Below, find the line containing "Na długo przed"; from there to the final line, print every line exactly and skip the pictures.

(Beginning of Source material)

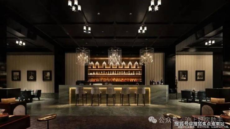 建筑面积约1500m²恒温泳池会所及落差达约10米的水幕下沉式园林的打造,在奢石、臻材等元素的空间应用中,让显贵世家的社交场景,相映于粼粼碧波的柔光之中,于方寸之间游离世外。
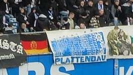 Na długo przed pierwszym gwizdkiem pod stadionem panowała atmosfera niemieckiego dnia meczowego. Rzesza (hehe) ludzi w klubowych barwach FCH kręciła się pod obiektem, racząc się piwem oraz wurstami. Po zakupie szalika w sklepie oraz odebraniu za dodatkową opłatą wydrukowanego biletu w kasie (swoją drogą, bilet był dosyć śmieszny, ponieważ poza napisem Ostseestadion chyba nigdzie nie było czegokolwiek, co wskazywałoby na Hansę - za to na środku znajdował się wielki na pół biletu napis SV Sandhausen ) udałem się na właściwy teren obiektu (za bramkami biletowymi). Tam zacząłem próbować różnego rodzaju niemieckie specjały stadionowe, ale o tym dopiero w kolejnych akapitach. Stadion powoli się zapełniał, a ja zidentyfikowałem w międzyczasie młyn gospodarzy, który był dość nietypowo ulokowany, bo w jednym z narożnych sektorów stojących (początkowo wziąłem go za sektor gości - w rzeczywistości ten znajdował się w innym narożniku). Jednak jeszcze przed pierwszym gwizdkiem zwróciłem uwagę, że na znajdującej się naprzeciw rzekomego młynu trybunie zabramkowej (co prawda pokrytej krzesełkami) również widać oznaki, że to stamtąd będzie prowadzony doping. Wskazywała na to m.in. obecność gniazda jak i różnego rodzaju flag (z czego szczególnie spodobały mi się flaga Plattenbau , co jest niemieckim określeniem na wielką płytę oraz... flaga DDR). W trakcie meczu okazało się, że w sumie to miałem rację - obydwa sektory były sektorami dopingującymi i można powiedzieć, że na stadionie znajdowały się dwa młyny. Czasami te młyny ze sobą konkurowały, a czasami śpiewały coś wspólnie. Ze względu na barierę językową, nie jestem w stanie przytoczyć żadnych tekstów piosenek, poza jedną (raczej nieskomplikowaną), która była śpiewana w popularnym rytmie z Aidy : Oleeeee, Hansa FCH, Hansa FCH! Hansa FCH! FCH! FCH! FCH!
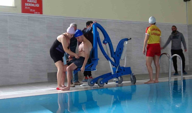 Ege ve diğer engelliler rahatlıkla havuza girip çıkabiliyorlar

(End of Source material)

### Task solution
 Na długo przed pierwszym gwizdkiem pod stadionem panowała atmosfera niemieckiego dnia meczowego. Rzesza (hehe) ludzi w klubowych barwach FCH kręciła się pod obiektem, racząc się piwem oraz wurstami. Po zakupie szalika w sklepie oraz odebraniu za dodatkową opłatą wydrukowanego biletu w kasie (swoją drogą, bilet był dosyć śmieszny, ponieważ poza napisem Ostseestadion chyba nigdzie nie było czegokolwiek, co wskazywałoby na Hansę - za to na środku znajdował się wielki na pół biletu napis SV Sandhausen ) udałem się na właściwy teren obiektu (za bramkami biletowymi). Tam zacząłem próbować różnego rodzaju niemieckie specjały stadionowe, ale o tym dopiero w kolejnych akapitach. Stadion powoli się zapełniał, a ja zidentyfikowałem w międzyczasie młyn gospodarzy, który był dość nietypowo ulokowany, bo w jednym z narożnych sektorów stojących (początkowo wziąłem go za sektor gości - w rzeczywistości ten znajdował się w innym narożniku). Jednak jeszcze przed pierwszym gwizdkiem zwróciłem uwagę, że na znajdującej się naprzeciw rzekomego młynu trybunie zabramkowej (co prawda pokrytej krzesełkami) również widać oznaki, że to stamtąd będzie prowadzony doping. Wskazywała na to m.in. obecność gniazda jak i różnego rodzaju flag (z czego szczególnie spodobały mi się flaga Plattenbau , co jest niemieckim określeniem na wielką płytę oraz... flaga DDR). W trakcie meczu okazało się, że w sumie to miałem rację - obydwa sektory były sektorami dopingującymi i można powiedzieć, że na stadionie znajdowały się dwa młyny. Czasami te młyny ze sobą konkurowały, a czasami śpiewały coś wspólnie. Ze względu na barierę językową, nie jestem w stanie przytoczyć żadnych tekstów piosenek, poza jedną (raczej nieskomplikowaną), która była śpiewana w popularnym rytmie z Aidy : Oleeeee, Hansa FCH, Hansa FCH! Hansa FCH! FCH! FCH! FCH!
 Ege ve diğer engelliler rahatlıkla havuza girip çıkabiliyorlar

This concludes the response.